If you do believe any of the above, you might need an antidote; it's only an anecdote [N=1 is not data] but inspiring nonetheless. Here [L with her 2 daughters] is Lynn Ruane telling her story by talking about leadership at FemFest.  It's the same, more or less, as the Irish Times picked up.  Lynn grew up on a council estate in the depths of the West Dublin ghetto in Killinarden. She tells her story as series of incidents punctuating a life which was typical of the dispossessed: drugs, shop-lifting, vandalism, teenage pregnancy. But the force was strong with young Lynn. Her confrontations with The Man, didn't cow her; nor did they make her lose herself in rage.
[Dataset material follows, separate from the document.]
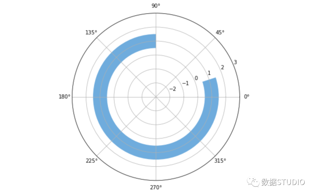 特殊的饼图 fig, ax = plt.subplots(figsize=(6 , 6 ), subplot_kw={'projection' :'polar' }) data = 80 startangle = 90 x = (data * np.pi * 2 )/ 100 left = (startangle * np.pi * 2 ) / 360 # 转换起始角度 ax.barh(1 , x, left=left, height=1 , color='#5DADE2' ) plt.ylim(-3 , 3 )

She rather tapped into a core of solid self-belief either acquired or delivered from god.  It might have started with the trousers, being told that only boys were allowed to wear them in school, or the skirts which only altar boys were allowed to wear in church.  Lynn wanted to have those forbidden garments and she asked for it in such a not-to-be-denied way that she changed how age-old certainties were viewed in her parish. It was uncanny, her power over weaker minds, like Obi Wan Kenobi murmuring "these are not the droids you want" when he arrives in Mos Eisley. We could have more of her - and here she is back-stage and talking direct to camera.

This year, Lynn Ruane is President of the Students Union in Trinity College Dublin, having clawed herself an education out in Tallaght. She's shown above with her two daughters beside the Pomodoro Sphere in the centre of the campus, which is an Establishment Bastion. Seemingly, the Presidency comes with a grace-and-favour apartment in College and she lives there with her family. If she seems to be absurdly young to have a teenage daughter, it's because she had an early start. I gather that the girls have been lowering the tone of the sacred lawns of TCD: now and then roaring out of the window to tell their mother not to forget the milk.  That's all to the good. The pomposity needs to be pricked occasionally. I have stake/status in Trinity because I'm now an Adjunct Lecturer there; so if I approve, it is okay [hmmmm? probably not].

Watch out for Lynn Ruane.  She is now thinking of running for the Senate - of the country, not the TCD talking shop. We've had a couple of female Presidents of Ireland in the last 25 years, but we've never had a female Taoiseach.  €5 on Lynn Ruane?  Get your bet on while the odds are still long.